§ **Your instructions**:
Word for word, output every line of the material below, minus pictures.

§ **Source records**:
-- Opening Marker --
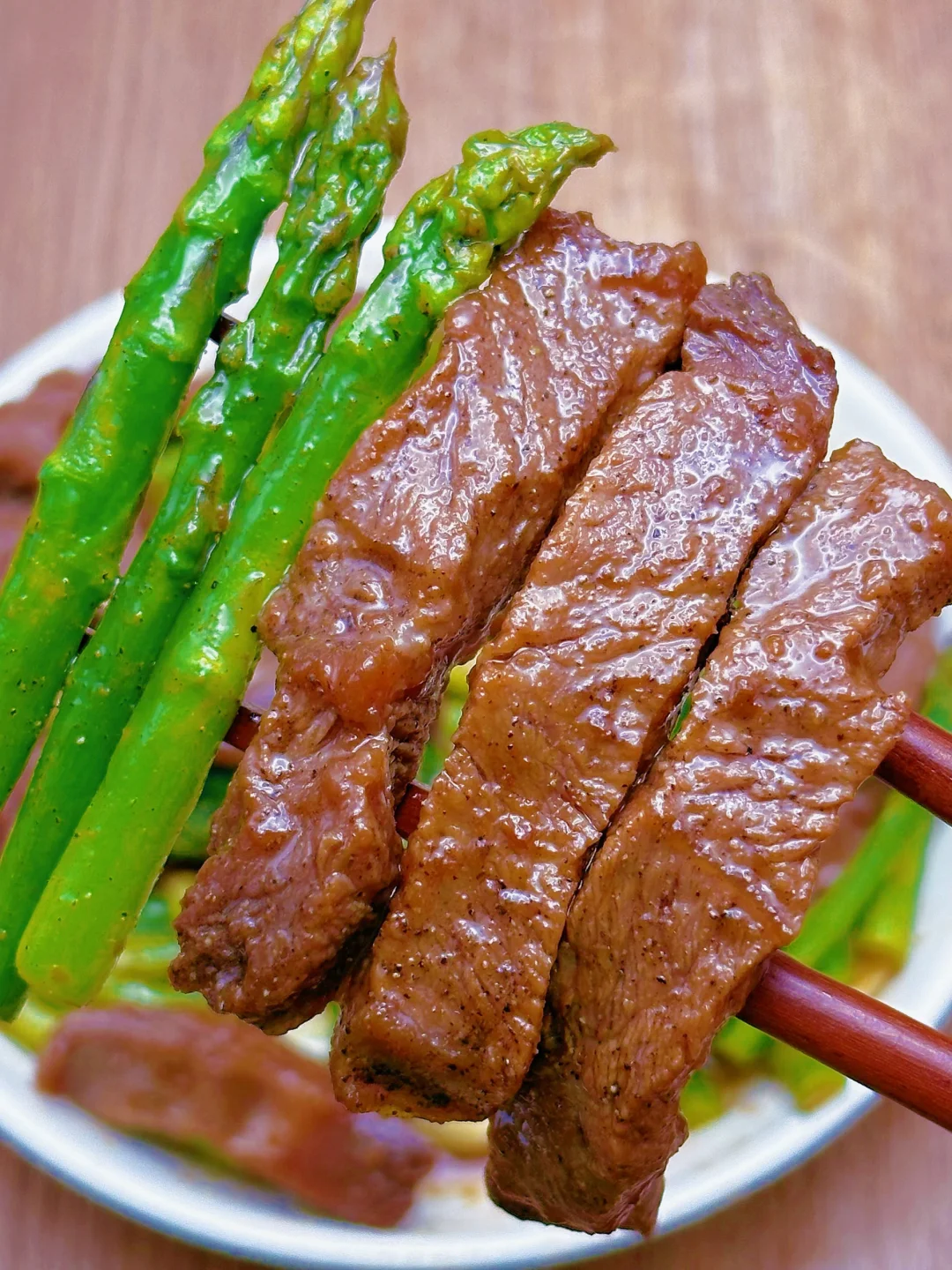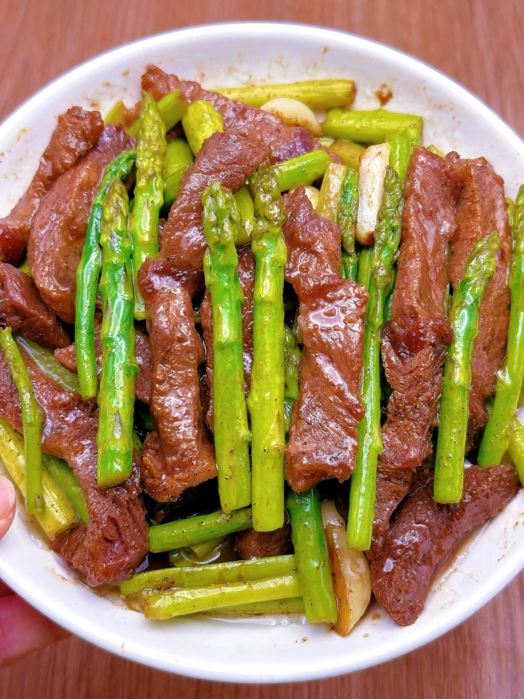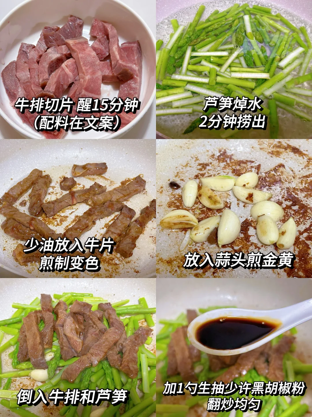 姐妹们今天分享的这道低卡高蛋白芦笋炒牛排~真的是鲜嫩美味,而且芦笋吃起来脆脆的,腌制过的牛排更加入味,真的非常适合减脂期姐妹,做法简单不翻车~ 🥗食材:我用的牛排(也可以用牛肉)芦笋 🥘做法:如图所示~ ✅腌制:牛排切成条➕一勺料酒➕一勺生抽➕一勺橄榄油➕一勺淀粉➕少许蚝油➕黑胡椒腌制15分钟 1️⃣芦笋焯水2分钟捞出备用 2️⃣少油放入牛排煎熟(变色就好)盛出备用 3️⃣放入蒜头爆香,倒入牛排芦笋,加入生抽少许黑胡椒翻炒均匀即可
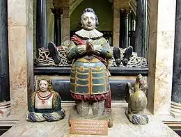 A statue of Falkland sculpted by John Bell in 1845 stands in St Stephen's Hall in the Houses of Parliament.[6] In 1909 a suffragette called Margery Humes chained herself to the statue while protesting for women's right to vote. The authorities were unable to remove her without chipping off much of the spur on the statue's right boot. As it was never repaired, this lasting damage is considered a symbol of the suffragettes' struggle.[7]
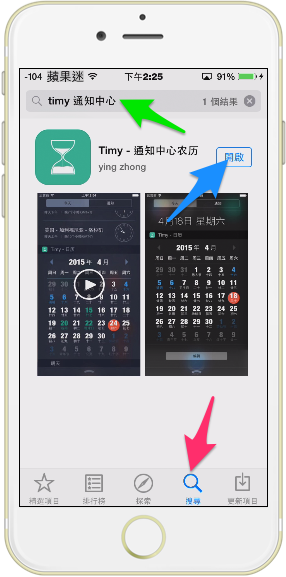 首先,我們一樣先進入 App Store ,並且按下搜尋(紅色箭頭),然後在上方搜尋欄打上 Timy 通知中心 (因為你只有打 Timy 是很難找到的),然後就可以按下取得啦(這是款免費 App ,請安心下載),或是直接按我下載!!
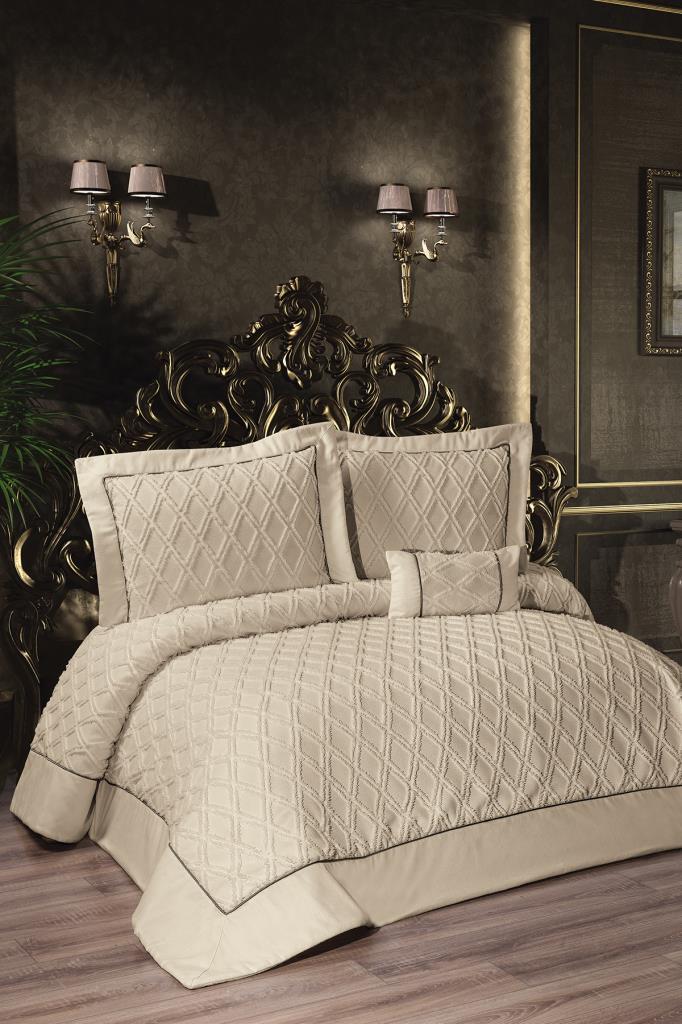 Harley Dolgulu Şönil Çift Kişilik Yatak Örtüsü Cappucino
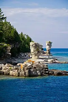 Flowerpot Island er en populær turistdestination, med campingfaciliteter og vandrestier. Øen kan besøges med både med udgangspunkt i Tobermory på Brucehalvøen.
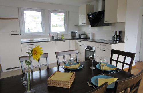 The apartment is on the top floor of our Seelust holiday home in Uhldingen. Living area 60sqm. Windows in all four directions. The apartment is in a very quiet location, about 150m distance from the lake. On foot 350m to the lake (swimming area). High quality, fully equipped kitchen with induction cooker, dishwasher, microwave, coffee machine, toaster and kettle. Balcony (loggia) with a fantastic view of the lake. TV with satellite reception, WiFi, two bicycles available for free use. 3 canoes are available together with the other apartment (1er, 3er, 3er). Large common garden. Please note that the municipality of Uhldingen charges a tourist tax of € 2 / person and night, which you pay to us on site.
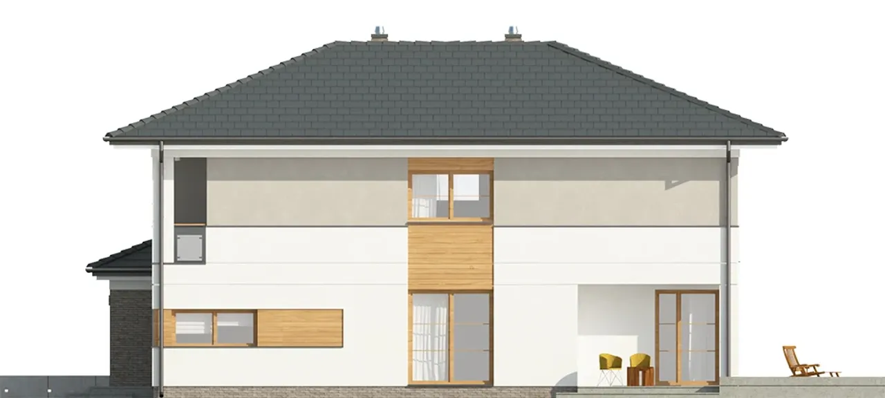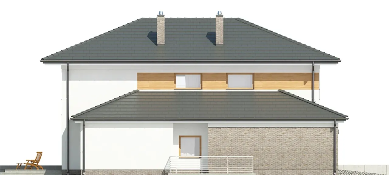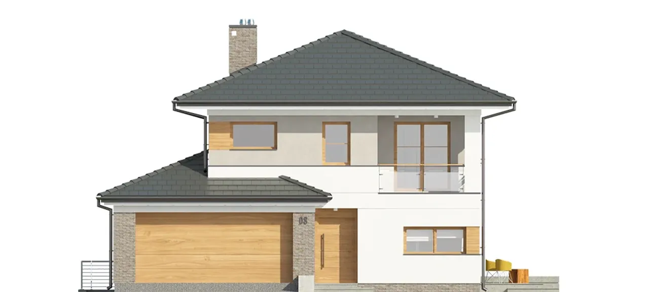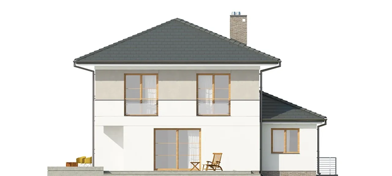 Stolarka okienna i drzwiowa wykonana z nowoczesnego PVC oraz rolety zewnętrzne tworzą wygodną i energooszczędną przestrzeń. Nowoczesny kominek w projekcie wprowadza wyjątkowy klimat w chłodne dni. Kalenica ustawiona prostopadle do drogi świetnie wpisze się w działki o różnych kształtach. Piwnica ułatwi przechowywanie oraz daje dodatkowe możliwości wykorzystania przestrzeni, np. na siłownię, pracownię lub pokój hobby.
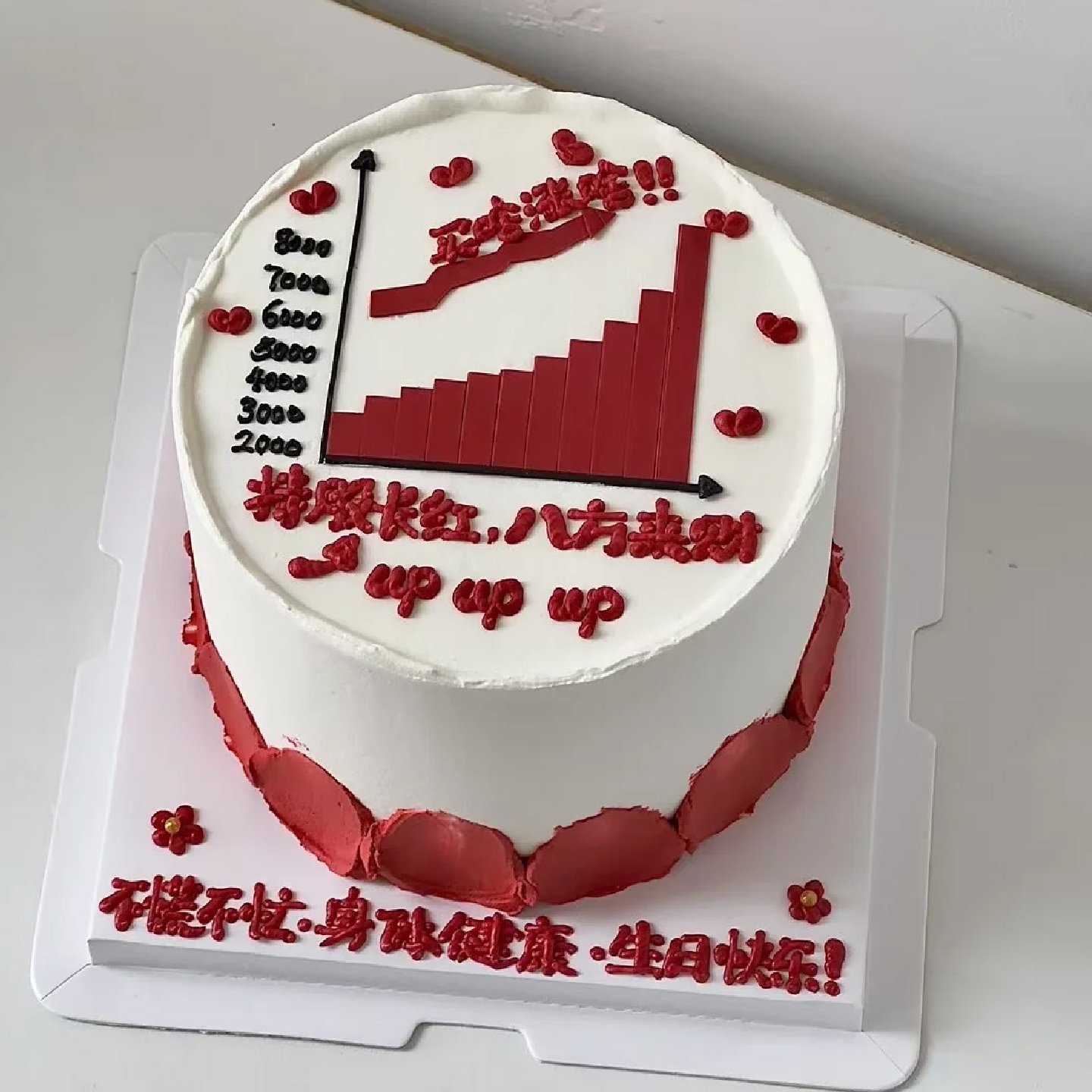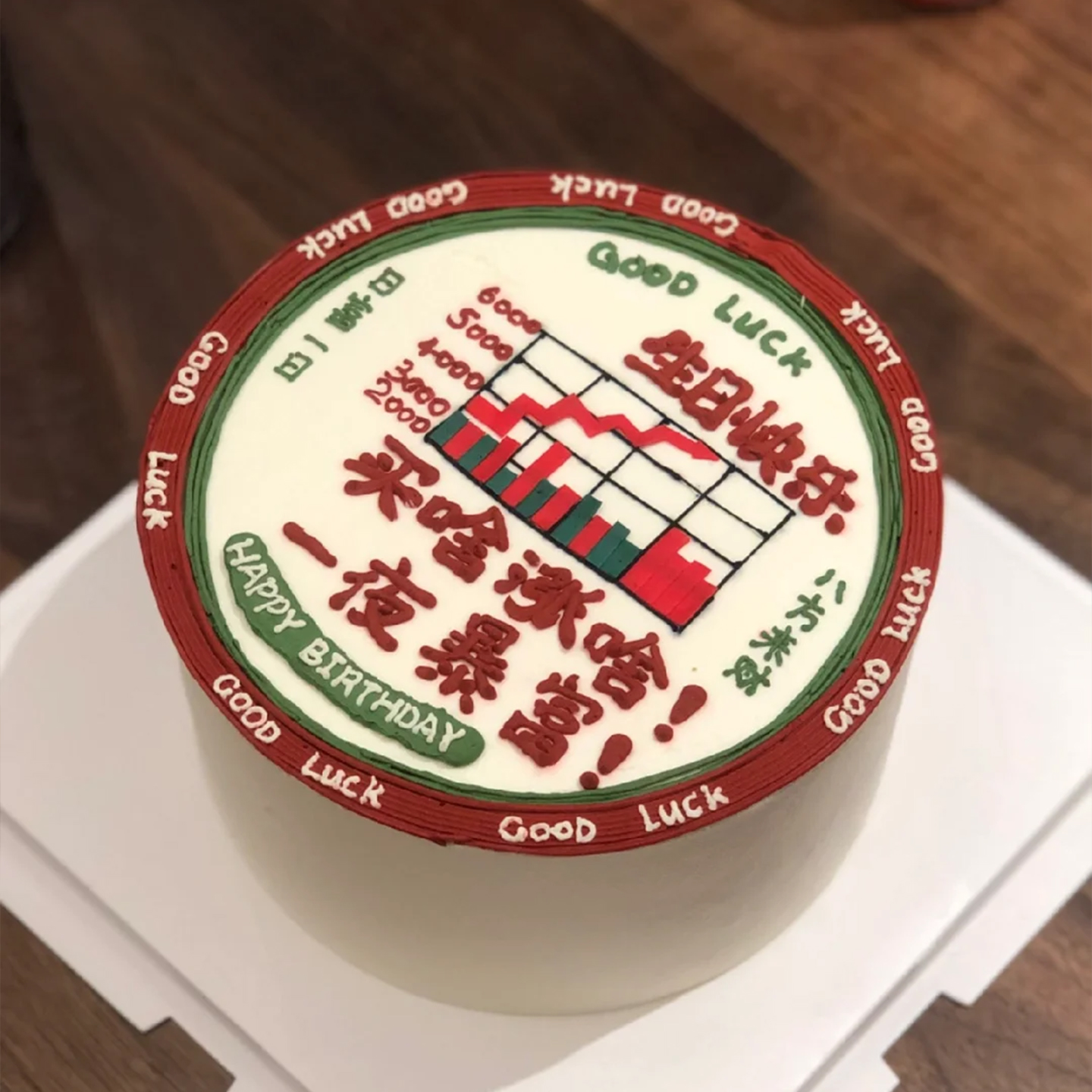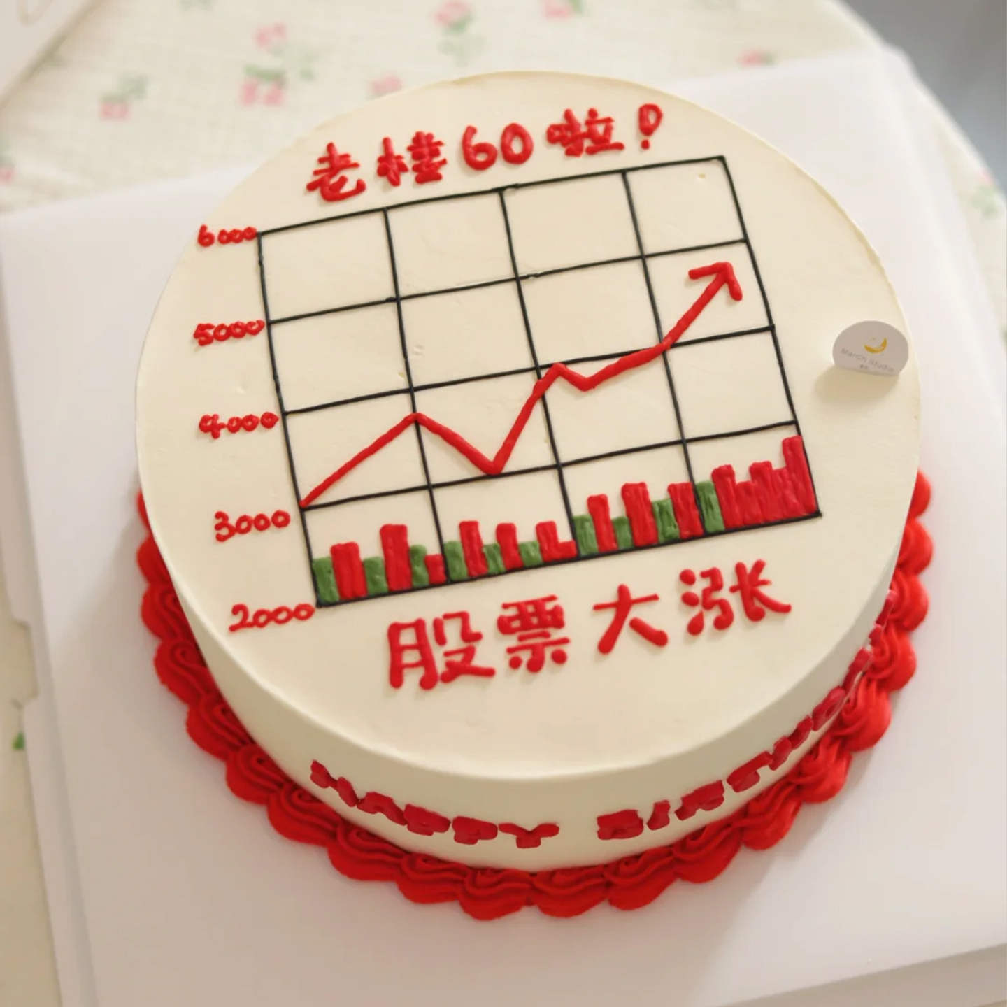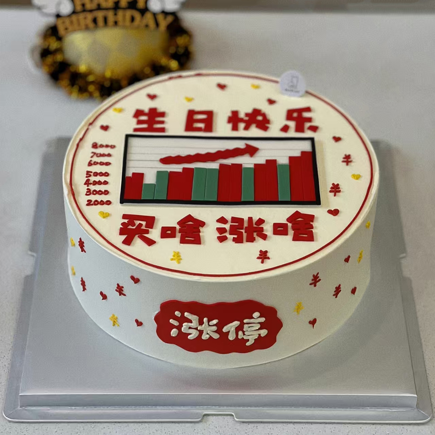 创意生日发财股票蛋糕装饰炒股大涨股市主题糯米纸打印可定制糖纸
-- Closing Marker --
§ **Expected answer**:
 姐妹们今天分享的这道低卡高蛋白芦笋炒牛排~真的是鲜嫩美味,而且芦笋吃起来脆脆的,腌制过的牛排更加入味,真的非常适合减脂期姐妹,做法简单不翻车~ 🥗食材:我用的牛排(也可以用牛肉)芦笋 🥘做法:如图所示~ ✅腌制:牛排切成条➕一勺料酒➕一勺生抽➕一勺橄榄油➕一勺淀粉➕少许蚝油➕黑胡椒腌制15分钟 1️⃣芦笋焯水2分钟捞出备用 2️⃣少油放入牛排煎熟(变色就好)盛出备用 3️⃣放入蒜头爆香,倒入牛排芦笋,加入生抽少许黑胡椒翻炒均匀即可
 A statue of Falkland sculpted by John Bell in 1845 stands in St Stephen's Hall in the Houses of Parliament.[6] In 1909 a suffragette called Margery Humes chained herself to the statue while protesting for women's right to vote. The authorities were unable to remove her without chipping off much of the spur on the statue's right boot. As it was never repaired, this lasting damage is considered a symbol of the suffragettes' struggle.[7]
 首先,我們一樣先進入 App Store ,並且按下搜尋(紅色箭頭),然後在上方搜尋欄打上 Timy 通知中心 (因為你只有打 Timy 是很難找到的),然後就可以按下取得啦(這是款免費 App ,請安心下載),或是直接按我下載!!
 Harley Dolgulu Şönil Çift Kişilik Yatak Örtüsü Cappucino
 Flowerpot Island er en populær turistdestination, med campingfaciliteter og vandrestier. Øen kan besøges med både med udgangspunkt i Tobermory på Brucehalvøen.
 The apartment is on the top floor of our Seelust holiday home in Uhldingen. Living area 60sqm. Windows in all four directions. The apartment is in a very quiet location, about 150m distance from the lake. On foot 350m to the lake (swimming area). High quality, fully equipped kitchen with induction cooker, dishwasher, microwave, coffee machine, toaster and kettle. Balcony (loggia) with a fantastic view of the lake. TV with satellite reception, WiFi, two bicycles available for free use. 3 canoes are available together with the other apartment (1er, 3er, 3er). Large common garden. Please note that the municipality of Uhldingen charges a tourist tax of € 2 / person and night, which you pay to us on site.
 Stolarka okienna i drzwiowa wykonana z nowoczesnego PVC oraz rolety zewnętrzne tworzą wygodną i energooszczędną przestrzeń. Nowoczesny kominek w projekcie wprowadza wyjątkowy klimat w chłodne dni. Kalenica ustawiona prostopadle do drogi świetnie wpisze się w działki o różnych kształtach. Piwnica ułatwi przechowywanie oraz daje dodatkowe możliwości wykorzystania przestrzeni, np. na siłownię, pracownię lub pokój hobby.
 创意生日发财股票蛋糕装饰炒股大涨股市主题糯米纸打印可定制糖纸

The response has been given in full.